Global Aluminium production for 2013 is estimated to be around 47.6 million tonnes (mt) which is marginally higher than the previous year production of 46.2 million tonnes (mt). Global Aluminium smelters are expected to operate at 84% of capacity. The underutilization of capacity is due to dip in automobile purchases, economic uncertainty in Europe and a slowdown in imports by China.
China is the major demand driver for aluminium as nearly 40% of demand is coming from the country alone.
Brief introduction to Aluminium
Aluminium is the third most abundant element present in the earth’s crust. It exists in a very stable combination with other materials particularly silicates and oxides. The metals is light weight, strong, durable, flexible, and impermeable. It is rust resistant and is 100% recyclable.
The most commercially mined aluminium ore is bauxite, as it has the highest content of the base metal. The primary aluminium production process consists of three stages. First is mining of bauxite, followed by refining of bauxite to alumina and finally smelting of alumina to aluminium.
The aluminium production process can be categorised into upstream and downstream activities. The upstream process involves mining and refining while the downstream process involves smelting and casting & fabricating. Downstream-fabricated products consist of rods, sheets, extrusions and foils.
Power is amongst the largest cost component in manufacturing of aluminium, as the production involves electrolysis. Consequently, manufacturers are located near cheap and abundant sources of electricity such as hydroelectric power plants. Whereas the recycling of the metals saves 90-95% of power which provides a huge benefit to the manufacturer considering that power is such a high cost component.
India ranks fifth in terms of aluminium production and accounts for 5 percent of the total production worldwide. Despite this, India’s per capita use of aluminium is 1.2 kgs as compared to 10.6 in China, 12.4 in the USA and the global average of 11.2 kgs. These figure shows level of growth potential for Aluminium sector in India.

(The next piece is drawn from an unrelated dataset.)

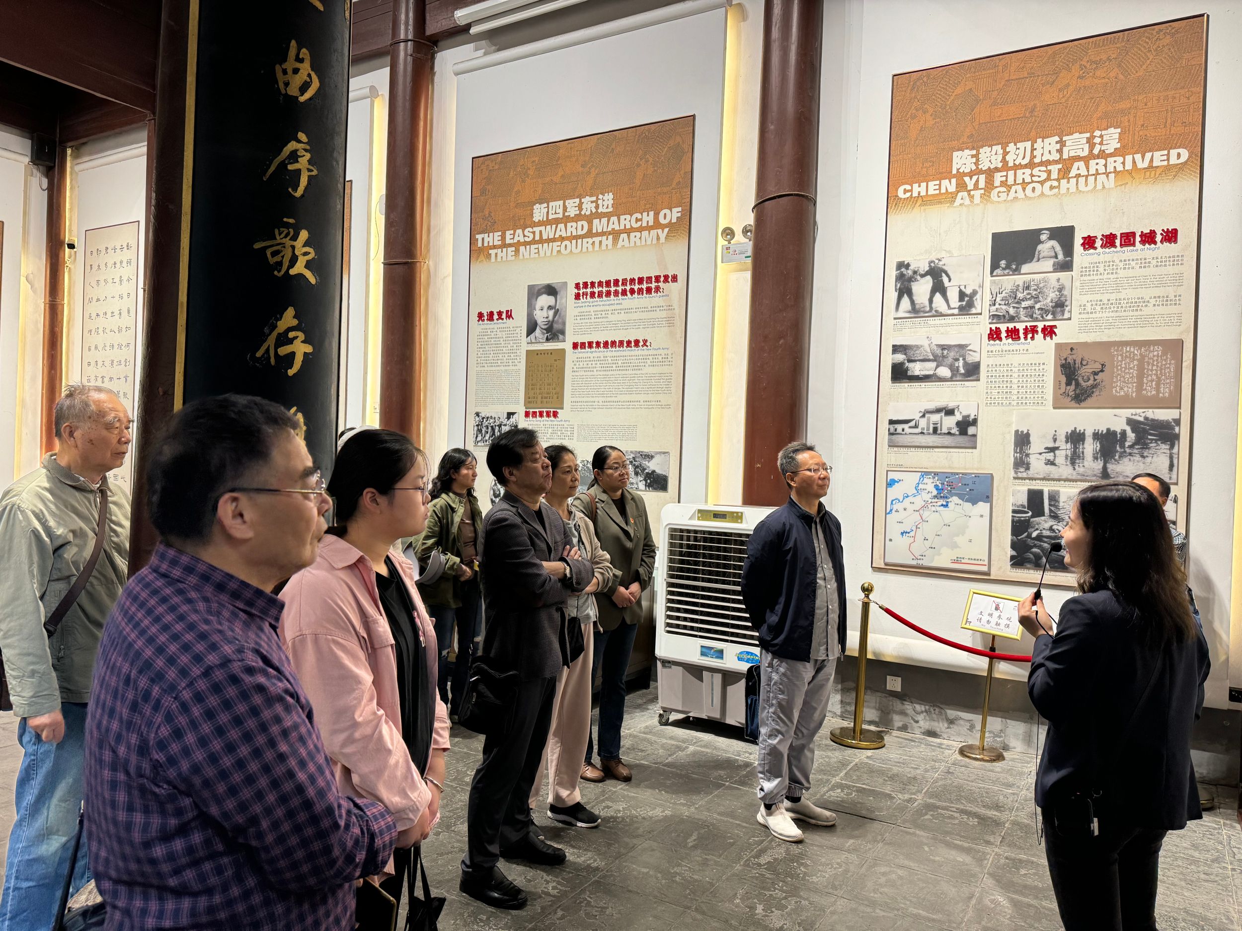 到达高淳老街后,大家首先参观了高淳新四军一支队司令部旧址,在展厅中,一幅幅珍贵的照片,一件件饱经风霜的实物资料,仿佛将时间拉回到了那个烽火连天的年代。新四军一支队在陈毅司令员的英明领导下,穿梭于茅山之间,突破重重封锁,最终在固城河畔扎根,为抗击日寇、保家卫国立下了不朽的功勋。在讲解员的详细介绍下,大家深刻了解了发生在高淳的新四军故事,深入学习新四军诞生、发展历程。面对陈毅的铜像,同学们誓言将革命精神内化于心,外化于行,以实际行动践行新时代青年的使命与担当。

In the recent past India’s economy has slowed down from 8% CAGR growth during the period 2003-2011 to growth levels of 5% for 2012-2014. The economic growth slowdown has resulted in poor demand for aluminium. Aluminium finds a wide application in almost everything, from power to transportation to construction andwhen the government starts boosting GDP by fast tracking infrastructure projects, the demand for the aluminium will rise.
Major producers of the metal in the country include state -owned National Aluminium Company Ltd (NALCO) and private sector units – Bharat Aluminium Company Limited (BALCO), Hindustan Aluminium Company Ltd (HINDALCO) and Vedanta Aluminium Company Ltd (VAL).
Aluminium Association of India’s estimates the metal demand to grow at 10-12% per annum and this will be driven by growth in sectors like electricity, transport, building and construction and packaging.
Uses of Aluminium
Aluminium plays a key role in any economy growth story due to its wide application in key sectors like Power, Automotive, Construction, Consumer Durables and Packaging.
Source: Aluminium India
The power sector in India currently accounts for a 42% share in aluminium consumption and with the government investing heavily in infrastructure, power generation and transmission sectors are likely to see a rapid increase in usage in the near future.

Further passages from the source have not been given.